Expanded legalized gambling will appear on the November ballot in Nebraska, the state Supreme Court ruled Thursday.
The court’s 4-3 ruling threw out an August ruling by Secretary of State Bob Evnen (R), which kept three gambling initiatives off the ballot, the Sioux City Journal reported.
Ho-Chunk Inc., the economic development arm of Nebraska’s Winnebago Tribe, spent millions lobbying for the initiative. The three measures include one that would amend the state constitution to allow casino gambling and two more creating taxes and regulations around it.
Evnen blocked the gambling initiative on the grounds that they could potentially confuse voters.
"The petitions do not contain a single issue. They are required to contain a single issue," Evnen said in August, according to an Omaha-area ABC affiliate. "I consider the fact that isn't disclosed to be misleading. Voters would be confused.”
Evnen also cited the fact that one petition sets aside money for property tax relief.
"That has no connection to the expansion of gambling and the fact that you divided it into another initiative doesn't save it," he said.

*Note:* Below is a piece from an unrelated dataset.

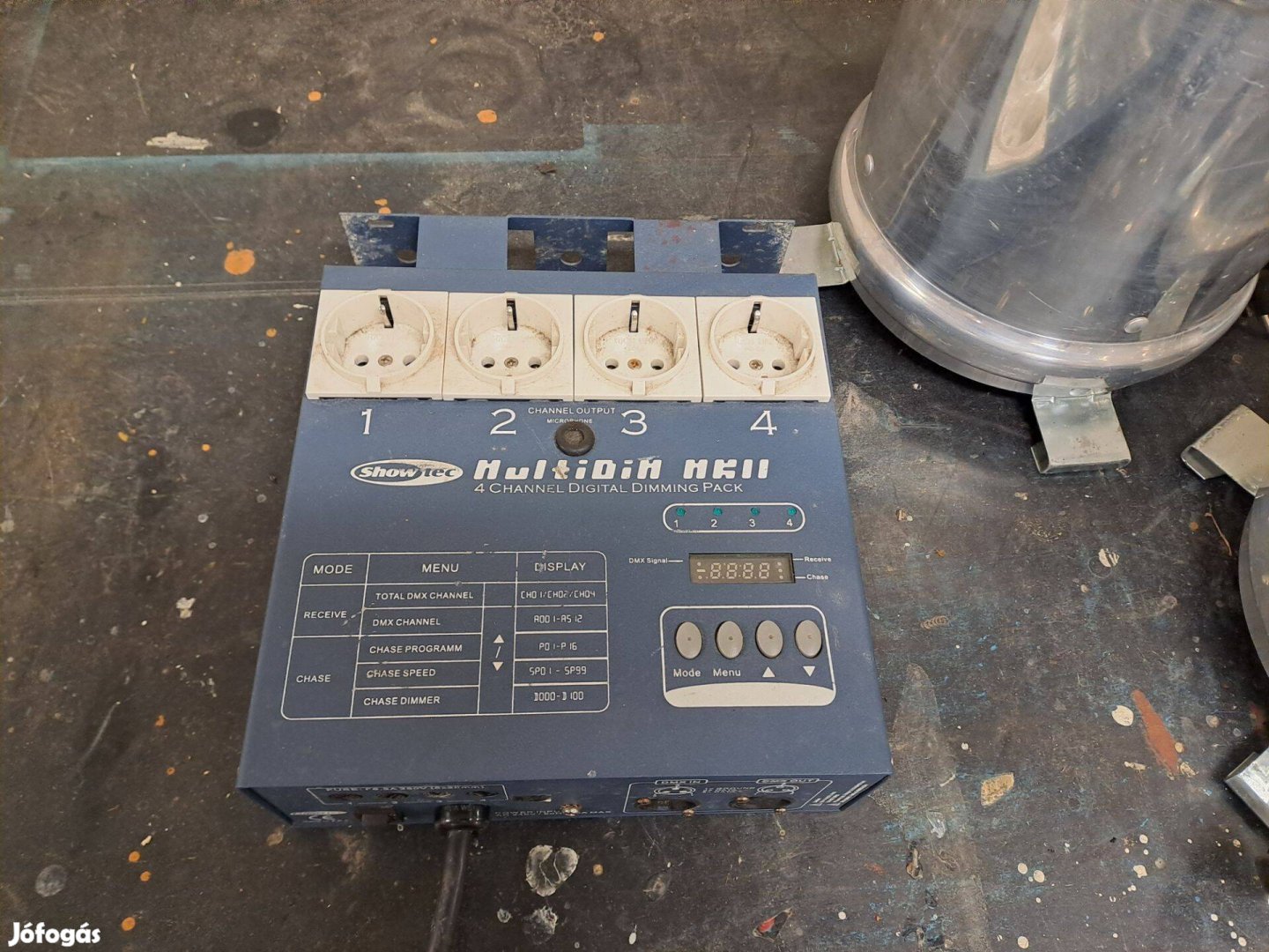 Eladó a fotón látható 4 csatornás kis dimmer. DMX módban is megy és vannak saját programok, amiket futtat. Csatornánként 1200 Wattal terhelhető. Ha szükséges, akkor tudok hozzá adni par 64 hosszú chrom lámpatesteket 500W-os betéttel, színkeret nélkül.

Separately, the court voted to keep a medical marijuana initiative off the November ballot, with two justices dissenting, according to a local NBC affiliate.
"If voters are to intelligently adopt a State policy with regard to medicinal cannabis use, they must first be allowed to decide that issue alone, unencumbered by other subjects," the court wrote. "As proposed, the NMCCA contains more than one subject — by our count, it contains at least eight subjects."